Data.
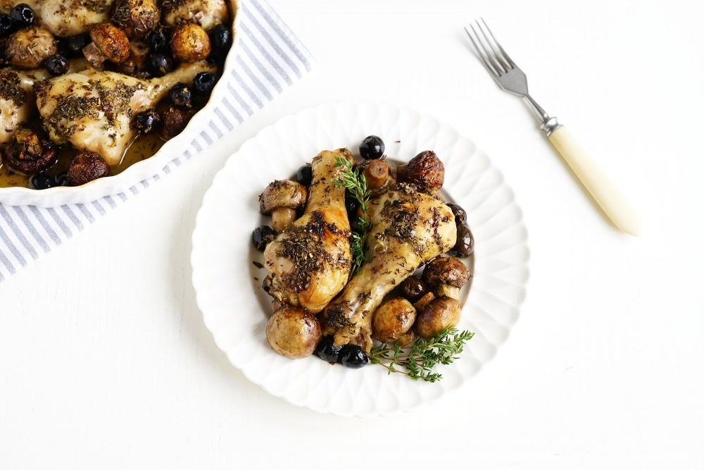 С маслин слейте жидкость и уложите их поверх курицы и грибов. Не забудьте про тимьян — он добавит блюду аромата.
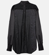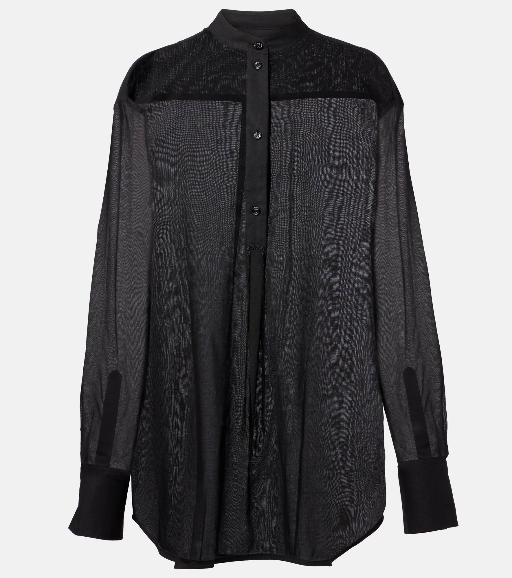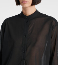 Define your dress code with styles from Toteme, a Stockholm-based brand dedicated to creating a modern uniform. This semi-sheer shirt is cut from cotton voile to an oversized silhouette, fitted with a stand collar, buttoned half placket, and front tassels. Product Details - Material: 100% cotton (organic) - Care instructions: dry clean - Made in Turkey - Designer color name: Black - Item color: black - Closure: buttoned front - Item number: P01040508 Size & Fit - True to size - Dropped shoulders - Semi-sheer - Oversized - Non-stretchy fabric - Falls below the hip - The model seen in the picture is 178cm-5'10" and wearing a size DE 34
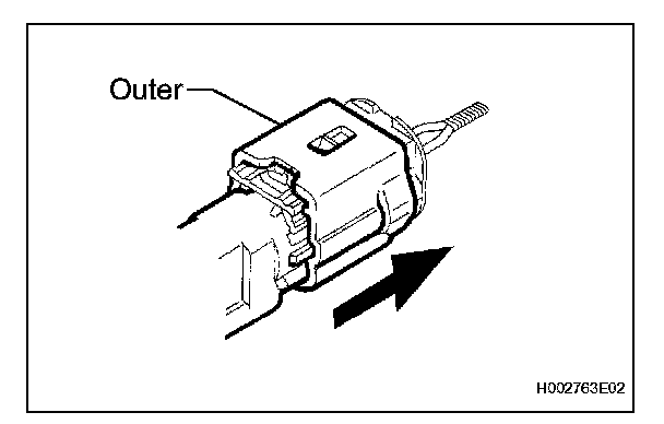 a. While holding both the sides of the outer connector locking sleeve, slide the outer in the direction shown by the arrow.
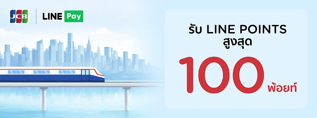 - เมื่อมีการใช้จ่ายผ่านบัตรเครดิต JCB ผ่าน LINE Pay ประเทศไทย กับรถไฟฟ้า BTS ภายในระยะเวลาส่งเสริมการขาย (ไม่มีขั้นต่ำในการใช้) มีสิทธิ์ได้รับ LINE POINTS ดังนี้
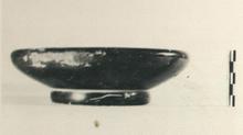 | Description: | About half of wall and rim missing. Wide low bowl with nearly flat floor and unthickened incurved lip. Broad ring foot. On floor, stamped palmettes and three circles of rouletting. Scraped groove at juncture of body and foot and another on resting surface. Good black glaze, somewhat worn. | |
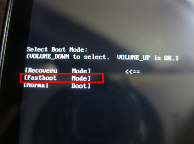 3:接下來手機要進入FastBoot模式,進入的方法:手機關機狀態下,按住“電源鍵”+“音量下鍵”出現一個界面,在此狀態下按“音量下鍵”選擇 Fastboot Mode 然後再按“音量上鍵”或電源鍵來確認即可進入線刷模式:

Work order.
Repeat the listing above from its first line through the line that contains "- เมื่อมีการใช้จ่ายผ่านบัตรเครดิต JCB", both included, and nothing more. Drop the pictures.

Exercise solution.
 С маслин слейте жидкость и уложите их поверх курицы и грибов. Не забудьте про тимьян — он добавит блюду аромата.
 Define your dress code with styles from Toteme, a Stockholm-based brand dedicated to creating a modern uniform. This semi-sheer shirt is cut from cotton voile to an oversized silhouette, fitted with a stand collar, buttoned half placket, and front tassels. Product Details - Material: 100% cotton (organic) - Care instructions: dry clean - Made in Turkey - Designer color name: Black - Item color: black - Closure: buttoned front - Item number: P01040508 Size & Fit - True to size - Dropped shoulders - Semi-sheer - Oversized - Non-stretchy fabric - Falls below the hip - The model seen in the picture is 178cm-5'10" and wearing a size DE 34
 a. While holding both the sides of the outer connector locking sleeve, slide the outer in the direction shown by the arrow.
 - เมื่อมีการใช้จ่ายผ่านบัตรเครดิต JCB ผ่าน LINE Pay ประเทศไทย กับรถไฟฟ้า BTS ภายในระยะเวลาส่งเสริมการขาย (ไม่มีขั้นต่ำในการใช้) มีสิทธิ์ได้รับ LINE POINTS ดังนี้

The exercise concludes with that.